In a short span of time, two articles have emerged that question some notable claims of influence in social networks. This does seem important, so we list them here.

Citation: Shalizi, C. R., & Thomas, A. C. (2011). Homophily and Contagion Are Generically Confounded in Observational Social Network Studies. Sociological Methods Research, 40(2), 211-239
Link: http://smr.sagepub.com/content/40/2/211.full.pdf+html
Abstract: The authors consider processes on social networks that can potentially involve three factors: homophily, or the formation of social ties due to matching individual traits; social contagion, also known as social influence; and the causal effect of an individual’s covariates on his or her behavior or other measurable responses. The authors show that generically, all of these are confounded with each other. Distinguishing them from one another requires strong assumptions on the parametrization of the social process or on the adequacy of the covariates used (or both). In particular the authors demonstrate, with simple examples, that asymmetries in regression coefficients cannot identify causal effects and that very simple models of imitation (a form of social contagion) can produce substantial correlations between an individual’s enduring traits and his or her choices, even when there is no intrinsic affinity between them. The authors also suggest some possible constructive responses to these results.

Citation: Lyons, Russell (2011) The Spread of Evidence-Poor Medicine via Flawed Social-Network Analysis, Statistics, Politics, and Policy, 2(1)
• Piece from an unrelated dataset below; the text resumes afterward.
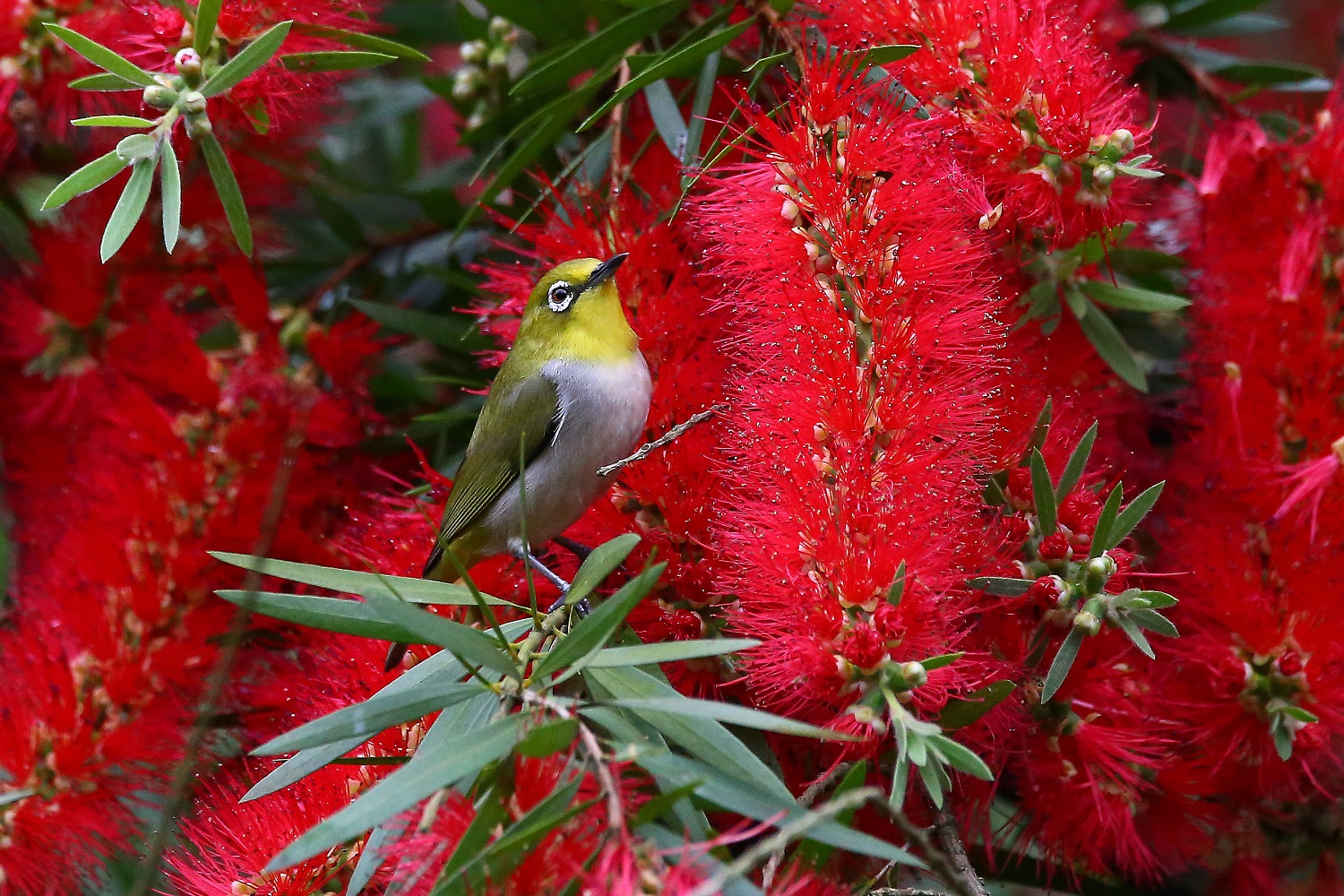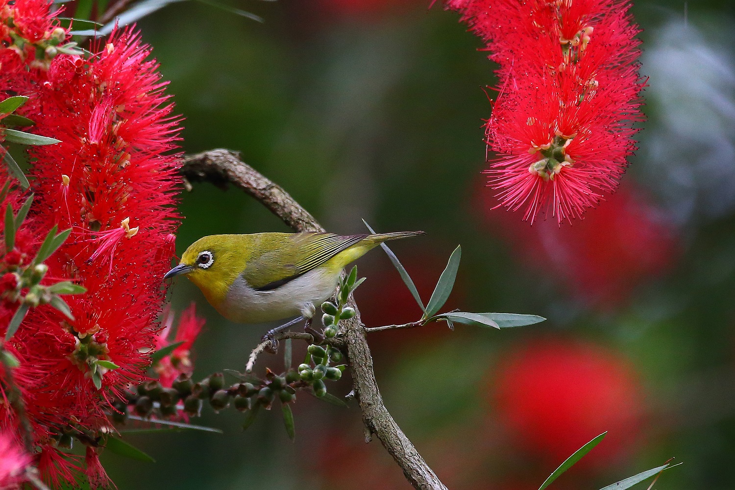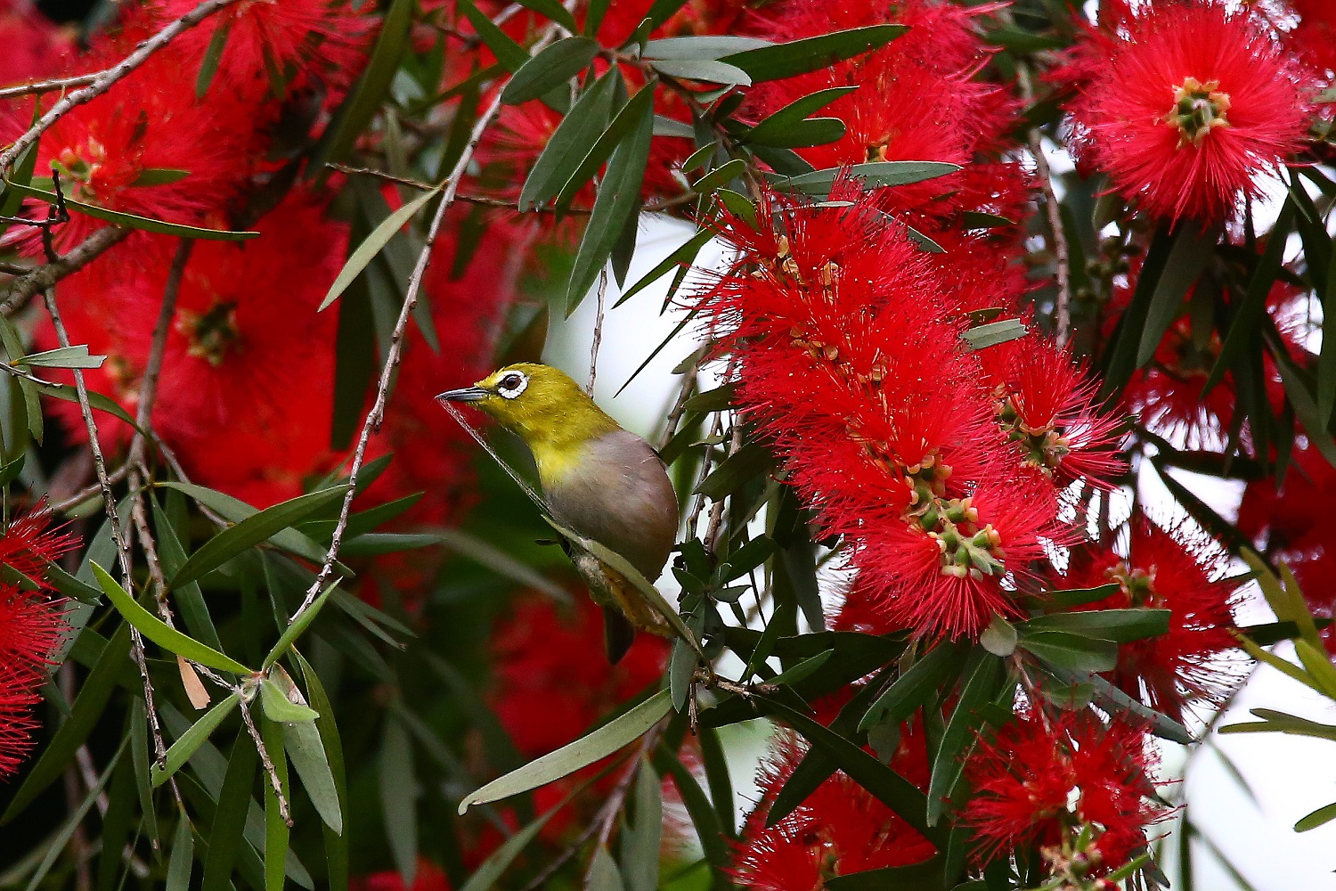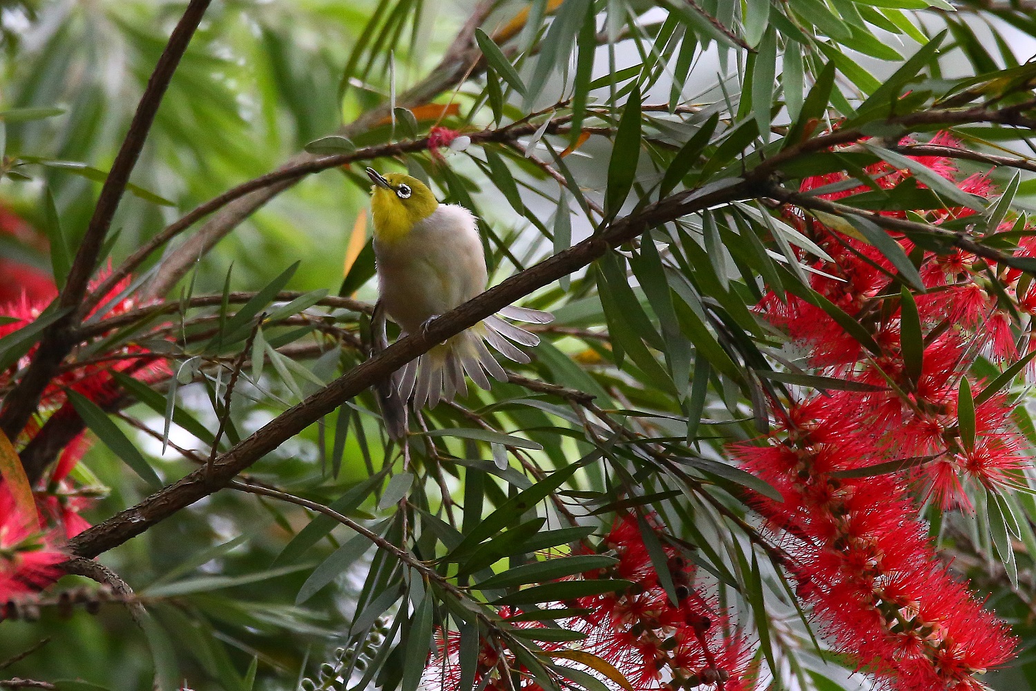 紅瓶刷子樹的位置距離火炬刺桐不遠, 花期也接近, 因此, 2月拍山櫻花與綠繡眼, 3月拍火炬刺桐與綠繡眼, 4月可以接著拍紅瓶刷子樹與綠繡眼

Link: http://www.bepress.com/spp/vol2/iss1/2
Abstract: The chronic widespread misuse of statistics is usually inadvertent, not intentional. We find cautionary examples in a series of recent papers by Christakis and Fowler that advance statistical arguments for the transmission via social networks of various personal characteristics, including obesity, smoking cessation, happiness, and loneliness. Those papers also assert that such influence extends to three degrees of separation in social networks. We shall show that these conclusions do not follow from Christakis and Fowler’s statistical analyses. In fact, their studies even provide some evidence against the existence of such transmission. The errors that we expose arose, in part, because the assumptions behind the statistical procedures used were insufficiently examined, not only by the authors, but also by the reviewers. Our examples are instructive because the practitioners are highly reputed, their results have received enormous popular attention, and the journals that published their studies are among the most respected in the world. An educational bonus emerges from the difficulty we report in getting our critique published. We discuss the relevance of this episode to understanding statistical literacy and the role of scientific review, as well as to reforming statistics education.